Find the line with "Initially, the Google" in the data below. Repeat it and every line after it exactly, but not the pictures.

[[ Material provided, beginning ]]

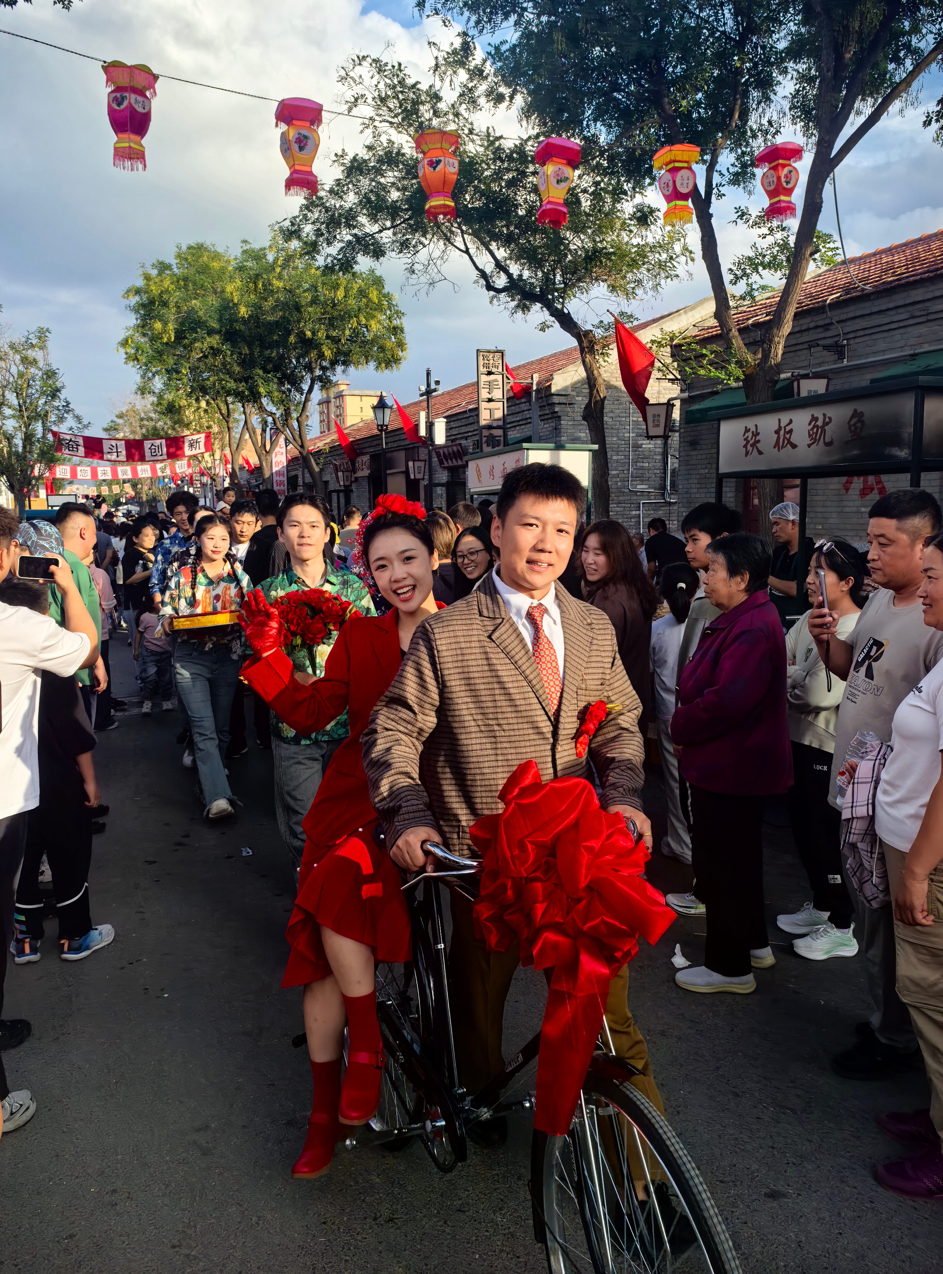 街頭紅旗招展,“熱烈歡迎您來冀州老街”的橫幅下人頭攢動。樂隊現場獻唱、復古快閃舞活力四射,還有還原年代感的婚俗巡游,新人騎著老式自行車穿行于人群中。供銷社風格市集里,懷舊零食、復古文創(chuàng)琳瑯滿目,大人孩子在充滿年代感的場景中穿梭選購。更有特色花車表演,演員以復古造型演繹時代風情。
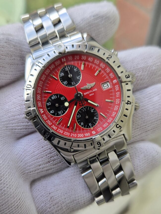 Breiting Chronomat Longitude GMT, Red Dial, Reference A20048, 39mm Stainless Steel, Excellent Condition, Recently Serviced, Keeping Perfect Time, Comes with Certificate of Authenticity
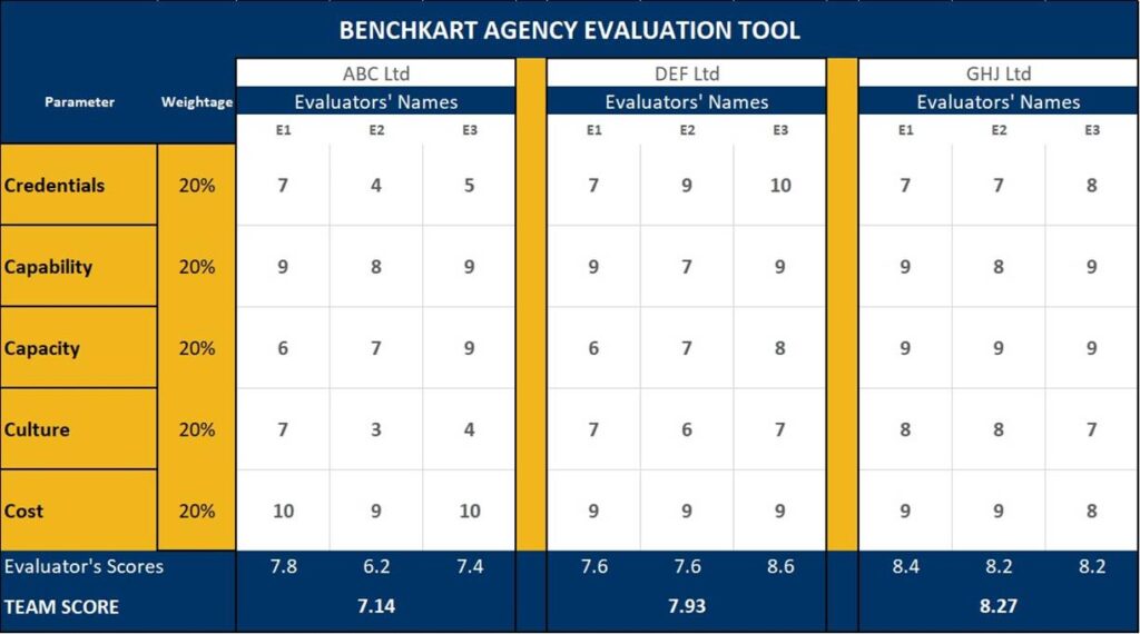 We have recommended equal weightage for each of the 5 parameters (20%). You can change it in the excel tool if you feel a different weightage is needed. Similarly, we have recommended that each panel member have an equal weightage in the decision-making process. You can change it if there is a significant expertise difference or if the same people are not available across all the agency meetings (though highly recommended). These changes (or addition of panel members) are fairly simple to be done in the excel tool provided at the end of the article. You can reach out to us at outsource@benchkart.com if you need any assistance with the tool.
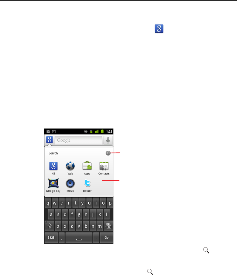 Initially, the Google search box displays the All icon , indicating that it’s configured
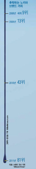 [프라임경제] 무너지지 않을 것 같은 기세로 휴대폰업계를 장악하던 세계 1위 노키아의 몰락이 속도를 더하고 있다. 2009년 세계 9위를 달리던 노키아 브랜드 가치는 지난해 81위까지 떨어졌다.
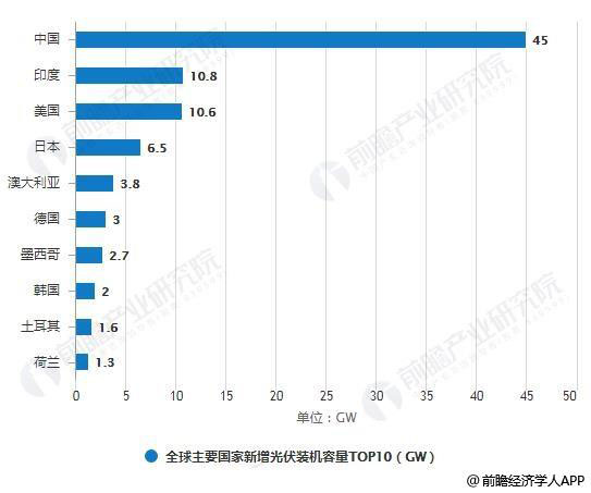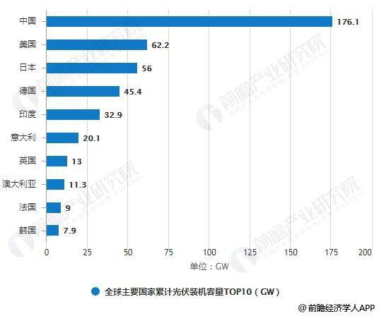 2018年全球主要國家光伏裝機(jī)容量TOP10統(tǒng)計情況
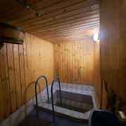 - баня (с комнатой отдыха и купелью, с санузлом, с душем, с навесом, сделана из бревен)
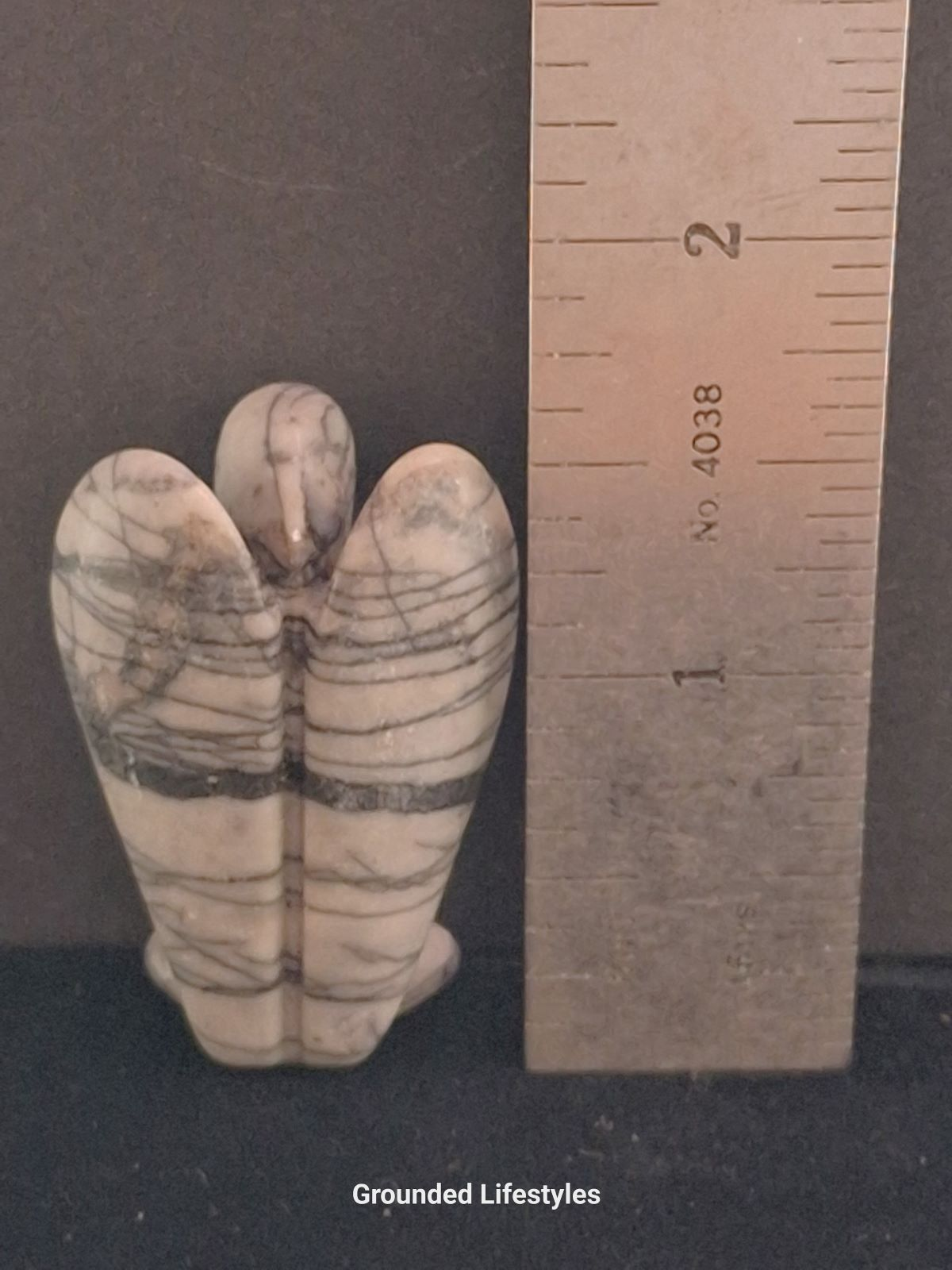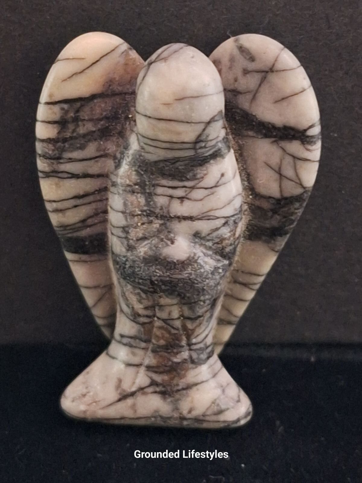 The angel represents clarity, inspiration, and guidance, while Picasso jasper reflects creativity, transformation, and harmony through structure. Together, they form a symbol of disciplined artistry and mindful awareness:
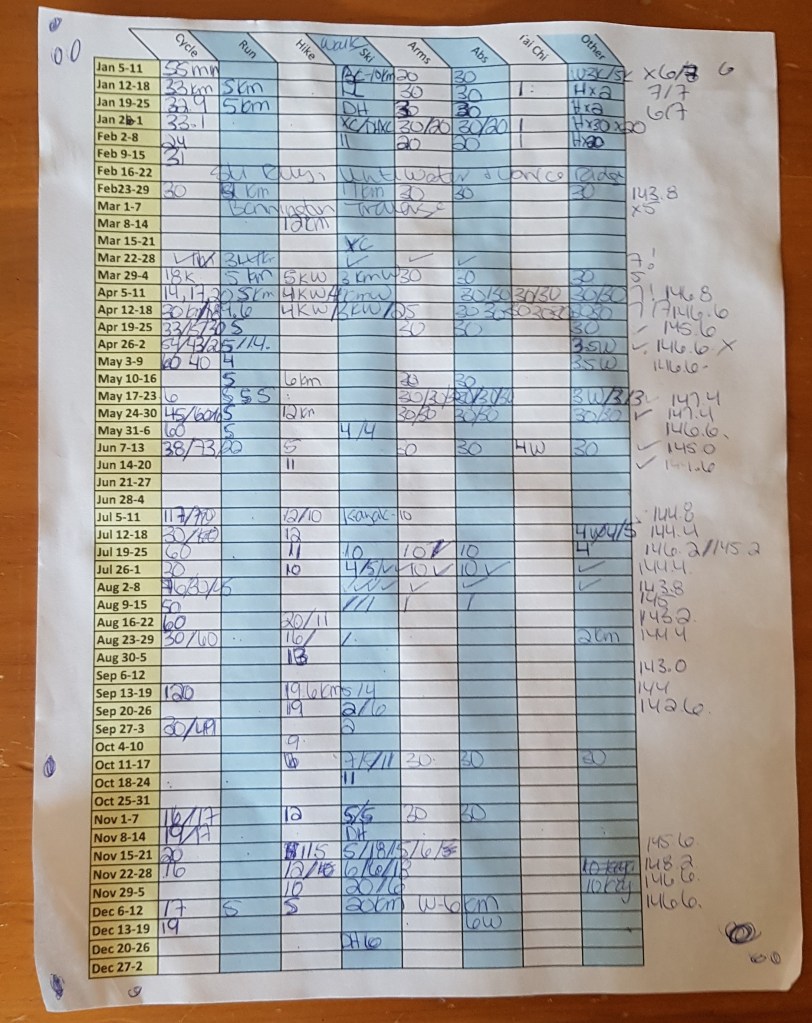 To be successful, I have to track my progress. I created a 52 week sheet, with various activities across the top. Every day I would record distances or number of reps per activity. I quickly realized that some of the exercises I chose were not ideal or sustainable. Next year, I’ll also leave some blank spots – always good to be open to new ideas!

[[ Material provided, end ]]

◆ **Answer for the task**
 Initially, the Google search box displays the All icon , indicating that it’s configured
 [프라임경제] 무너지지 않을 것 같은 기세로 휴대폰업계를 장악하던 세계 1위 노키아의 몰락이 속도를 더하고 있다. 2009년 세계 9위를 달리던 노키아 브랜드 가치는 지난해 81위까지 떨어졌다.
 2018年全球主要國家光伏裝機(jī)容量TOP10統(tǒng)計情況
 - баня (с комнатой отдыха и купелью, с санузлом, с душем, с навесом, сделана из бревен)
 The angel represents clarity, inspiration, and guidance, while Picasso jasper reflects creativity, transformation, and harmony through structure. Together, they form a symbol of disciplined artistry and mindful awareness:
 To be successful, I have to track my progress. I created a 52 week sheet, with various activities across the top. Every day I would record distances or number of reps per activity. I quickly realized that some of the exercises I chose were not ideal or sustainable. Next year, I’ll also leave some blank spots – always good to be open to new ideas!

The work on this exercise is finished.